Assim, indefiro o pedido de alimentos provisórios.
Custas do incidente pela autora, fixando-se no mínimo a taxa de justiça... (sic – fls 61 do presente processado de apelação subida em separado).
Inconformada, a Requerente da pretensão A recorreu desse despacho, pedindo que o mesmo seja “...revogado” (sic – fls 66 e 76 deste processado), formulando, para tanto, as seguintes 5 conclusões:
1. A Autora - Recorrente casou-se com B desde 27 de Dezembro de 1990.
2. A Autora - Recorrente ainda está casada, conforme documento n.º 1 junto à petição inicial, tendo interposto a acção de divórcio sem consentimento do outro cônjuge com pedido de alimentos provisórios, ao abrigo do artigo 1407º, n.º 7 do Código de Processo Civil.
3. O Tribunal a quo indeferiu o pedido de alimentos provisórios com fundamento da existência da união de facto, nos termos do artigo 2019º do Código Civil.

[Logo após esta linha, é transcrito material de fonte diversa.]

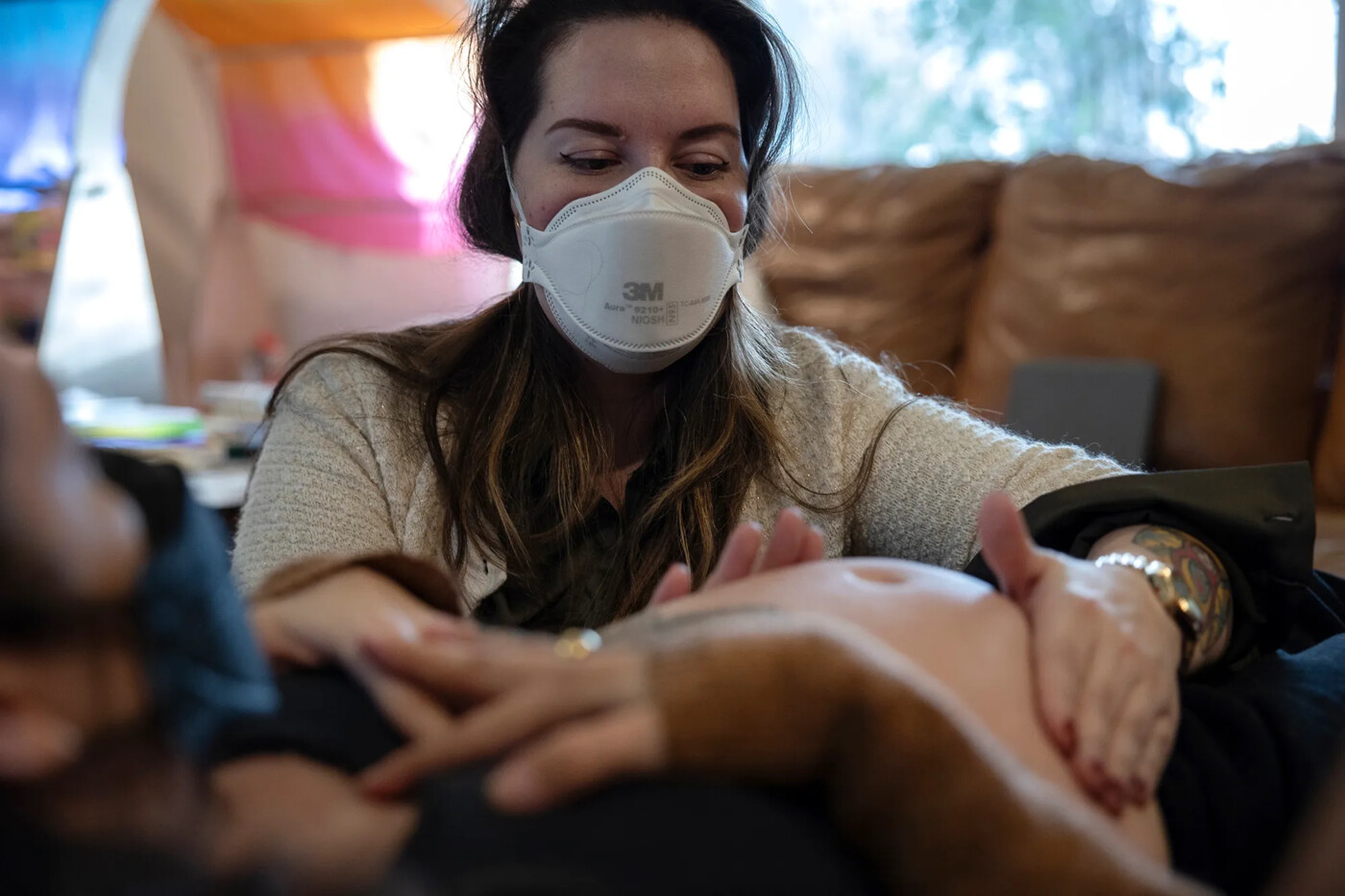 In a cozy house in Sacramento’s Oak Park neighborhood, Wisner has Chloé Mick lie back on her couch while her kids and husband play outside. Wisner measures the length of Mick’s uterus, feels for the baby’s position and they both listen to the baby’s heartbeat. Mick is 25 weeks pregnant and tired.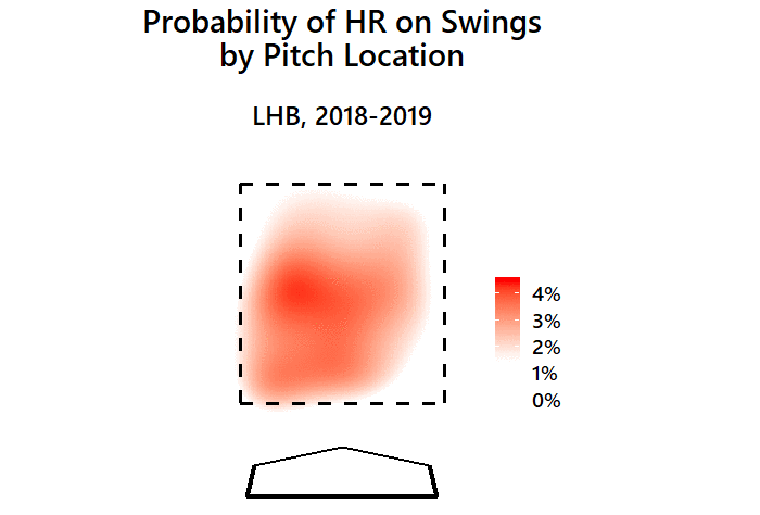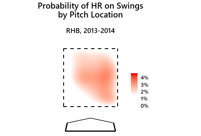 The following heat maps show the probability of a swing resulting in a home run, given a pitch’s location. It excludes bunts, as well as pitchers hitting.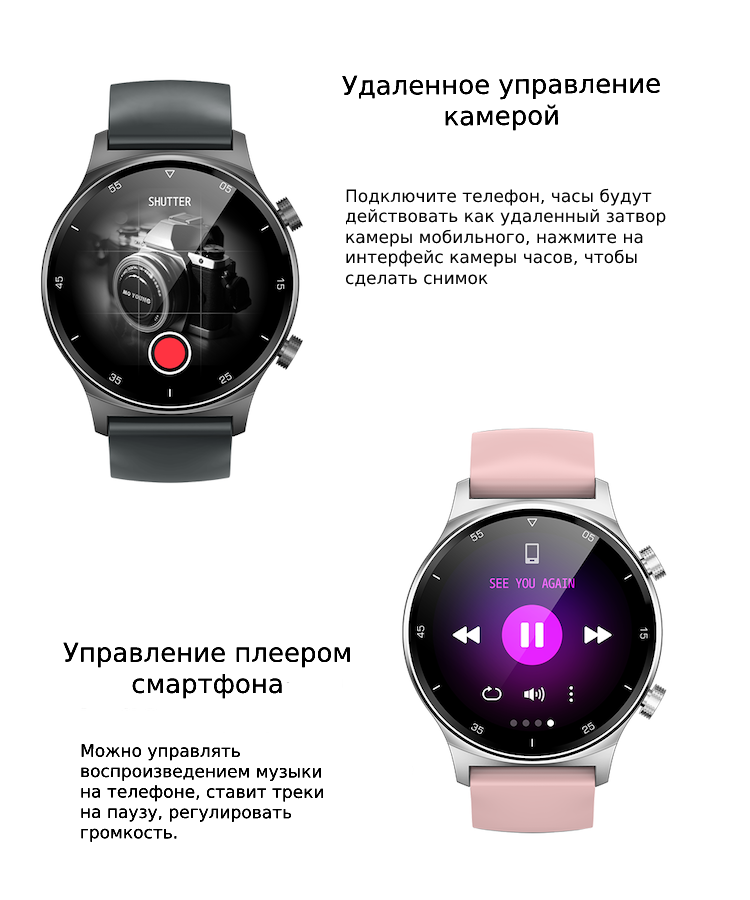 Додаткові функції: тренування дихання, вбудовані ігри, управління камерою та плеєр на смартфоні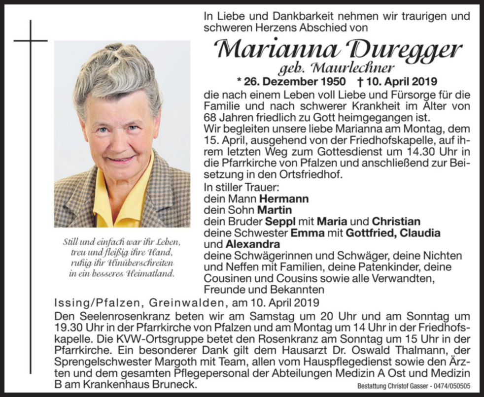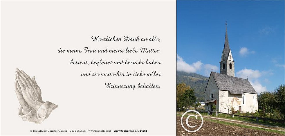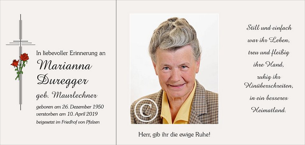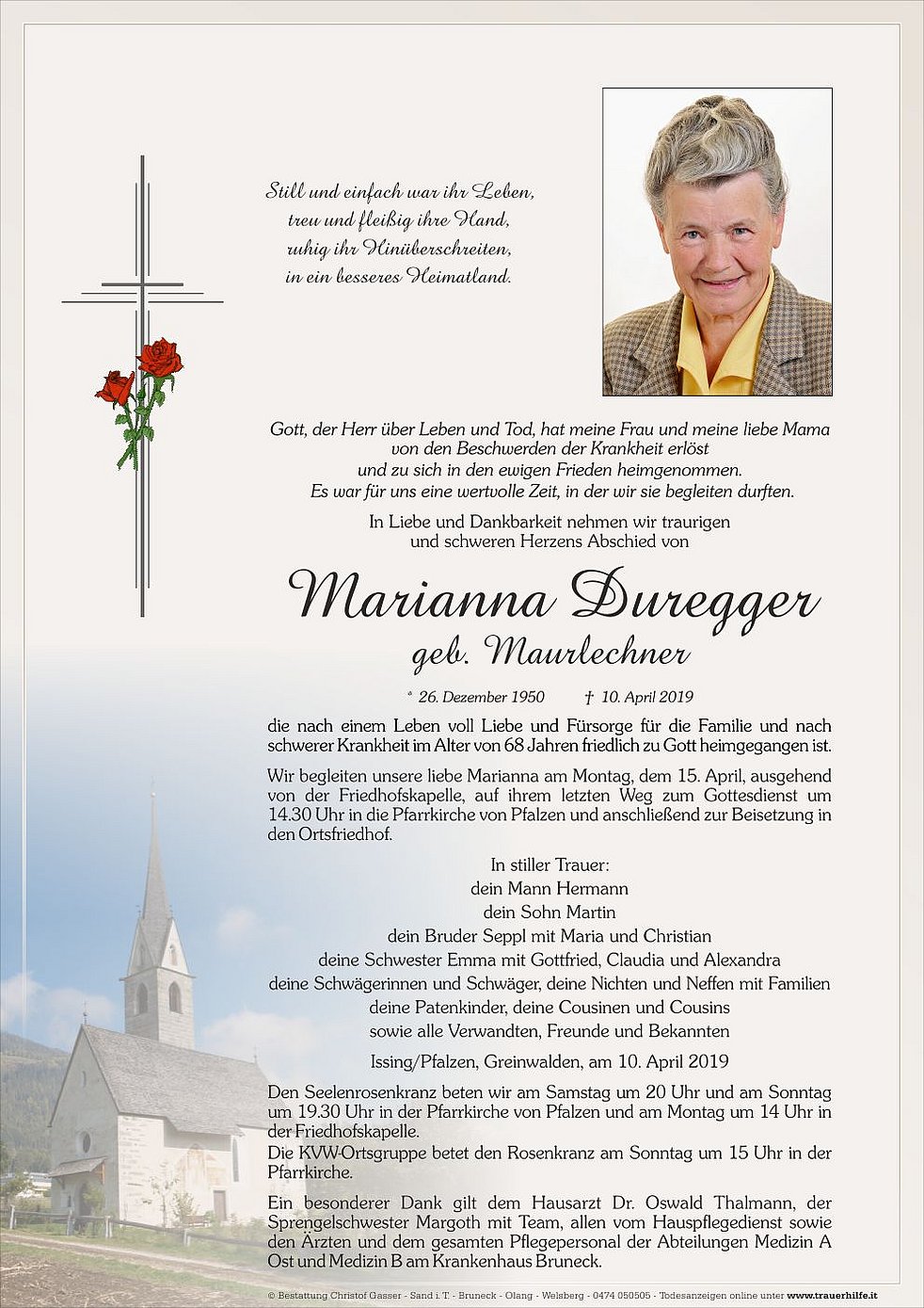 Wir begleiten unsere liebe Marianna am Montag, dem 15. April, ausgehend von der Friedhofskapelle, auf ihrem letzten Weg zum Gottesdienst um 14.30 Uhr in die Pfarrkirche von Pfalzen und anschließend zur Beisetzung in den Ortsfriedhof.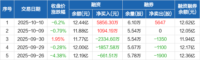 融资方面,当日融资买入1.93亿元,融资偿还1.34亿元,融资净买入5856.3万元。融券方面,融券卖出6447股,融券偿还800股,融券余量6.1万股,融券余额1742.3万元。融资融券余额合计12.62亿元。
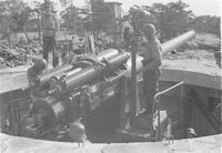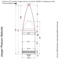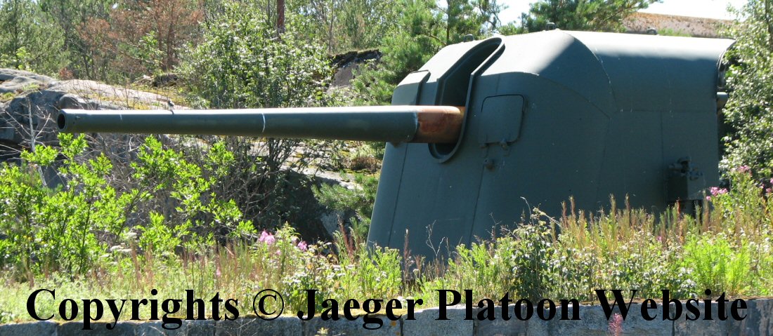 152/22 D "Jumbo" (152 mm naval gun with 22 caliber barrel, model Durlacher): This gun was essentially coastal gun version of Russian 152 K/77-190p siege gun. Apparently about 80 - 90 of these guns fell to Finnish hands in year 1918, but they did not see any combat use with Finnish military. They had still seen extensive use with Russian coastal artillery during World War 1 and apparently some may have still seen some use with the Soviets even during World War 2. The guns used in Finland had been equipped with gun mount designed by General R.A. Durlacher, which used during recoil used weight of the gun to dampen the recoil, since when the gun slide rearwards during recoil it was forced to climb higher on the gun carriage. Horizontally laying the gun was quite slow and problematic, since the gun mount was rotated on top steel rail by attaching a chain to most suitable one of the numerous bolts and pulling the chain with wheel. In 1940s Finnish military experimented with notably faster and easier to use horizontal gun laying system that was designed locally and installed to one of the guns of Kuuskajaskari Coastal Fort, but since the whole gun was so outdated (low rate of fire and limited maximum range), it was decided that while successful introducing the modification to larger number of guns would have been waste of resources. Finnish soldiers gave this gun nickname "Jumbo" probably due to its large weight, which besides being so outdated gun design, effectively limited interest of Finnish military. Otherwise the gun was structurally simple and strong design, but also by that time their breach systems were also worn out and become so loose fitting that when fired, in addition of muzzle flash it was normal for in addition of muzzle flash for another flash to originate from the screw breech. In 1920's and 1930's Helsinki Civil Guard Coastal Artillery Division / Helsinki Coastal Artillery Civil Guard actively used 152/22 D artillery battery on Pikku-Mustasaari Island for its training purposes.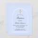 En ljusblå bakgrund och en ljusblå ram. Personalisera och en namn och ceremonidetaljer. Elegant-handskript i stil. Bakåt: ljusblå bakgrund.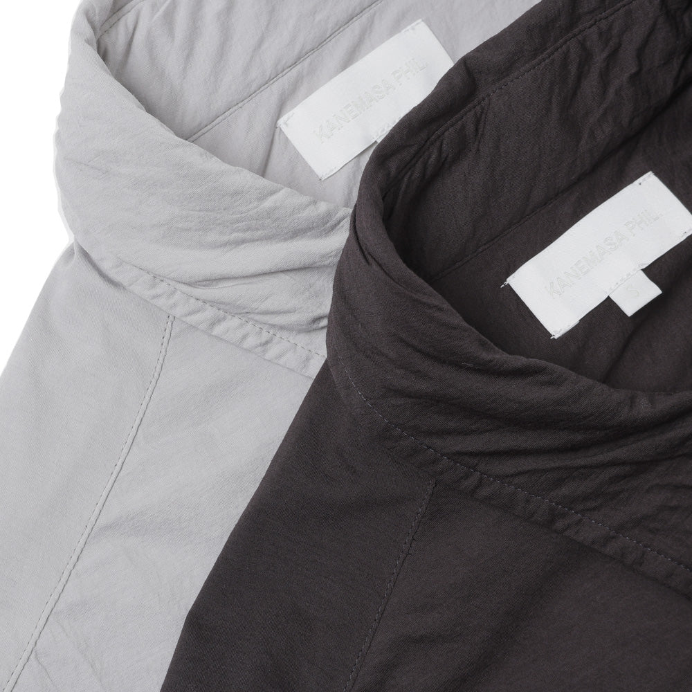 The high-gauge material is thin and difficult to work with, and the details, such as the raw edges on the hem, sleeves, and pockets, and the gathered yoke and cuffs, are all finished at a sewing factory in Japan.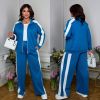Стильний костюм трійка : кофта + футболка + штани . Футболка прямого покрою , кофта на блискавці , рукав з ломпасом . Штани з ломпасом , високою посадкою , пояс на гумці , з бічними кишенями .

4. Existe união de facto quando duas pessoas no estado civil solteiras, divorciadas, separadas judicialmente e viúvas, independentemente do sexo, vivam em condições análogas às dos cônjuges há mais de dois anos – artigo 1º, n.º 2 da Lei n.º 7/2001.
5. Impede a existência de união de facto o facto de um dos elementos ser casado e a Autora - Recorrente é casada.” (sic – fls 65 e 66 e 75 e 76 deste processado).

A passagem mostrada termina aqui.